What better way to minimize competition than to own it? Mergers create an entirely new entity but acquisitions, particularly, have a way of their own of reducing competition. We have had a brief view of what M&A does to the internal environment of a company; what it does to the industrial sector it operates within is that it reduces the number of competitors. The latest merger-cum-acquisition of BG – Shell oil corporations worth £47 billion not only fetched Shell an attractive bid price for BG’s Brazilian liquefied natural gas reserves, but also gave them more space to operate in an already uncomfortable oil sector. Another example of this would be Infosys acquiring U.S. based Kallidus Tech. Inc. for $120 million recently which gives Infosys access to its years of mobile and digital technologies experience.

Usually smaller startups which have rattled the cages of big players in a small timeframe are typical candidates for acquisitions. Some startups these days might even be seen as an opportunity to work in a big company by becoming worthy of being acquired. Although statistics would point that most acquisitions are small fishes gulped down by a big fish, but that’s not always the case. Recently, world’s no. 1 generic manufacturer, Teva Pharmaceuticals offered a whopping $40 billion bid to acquire U.S. based generic pharma manufacturing rival Mylan Pharmaceuticals Ltd. to counter rising competition from India (Sun-Ranbaxy).

So much so for the Big players or the acquirer. What’s in it for the firm being acquired?

Obviously, for one, funds. For some, more than the money, it’s the timing of that money that makes the deal possible. Crunch times of financial instability can really cut a deal which would have been difficult otherwise. Secondly, it gives an opportunity to work with an established company, its image, its management and additional assets which may be allocated after the deal. This is particularly important for smaller startups whose entrepreneurial owners occupy senior management positions in the buyer company. On the downside, the acquired firm may lose its identity or brand image, depending on various circumstances like popularity of other firm, buyer company strategy, etc.

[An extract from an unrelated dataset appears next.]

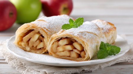 Delicious apple strudel slices with golden flaky pastry, filled with apple pieces, sprinkled with powdered sugar, and decorated with fresh mint leaves on a rustic wooden table.

Darwin’s theory, it seems, is not just applicable to living things. “Big will get bigger, small will struggle for survival” seems to be the
rule of the day. Obviously, a good acquisition or a merger doesn’t guarantee success; in fact, statistics suggest otherwise. It all depends on the strategic management of the added ‘weight’ on the buyer: either to increase one’s momentum or get buried under it.

We are moving towards a classical western pattern of industrial rivalry – where there are few but big players in the market controlling how things go about in that particular sector. Many European countries and U.S. have more oligopolistic markets but India, too, seems to be slowly and steadily moving towards the same. It remains to be seen whether such mergers and acquisitions are able to deliver according to the intentions and expectations tied to them.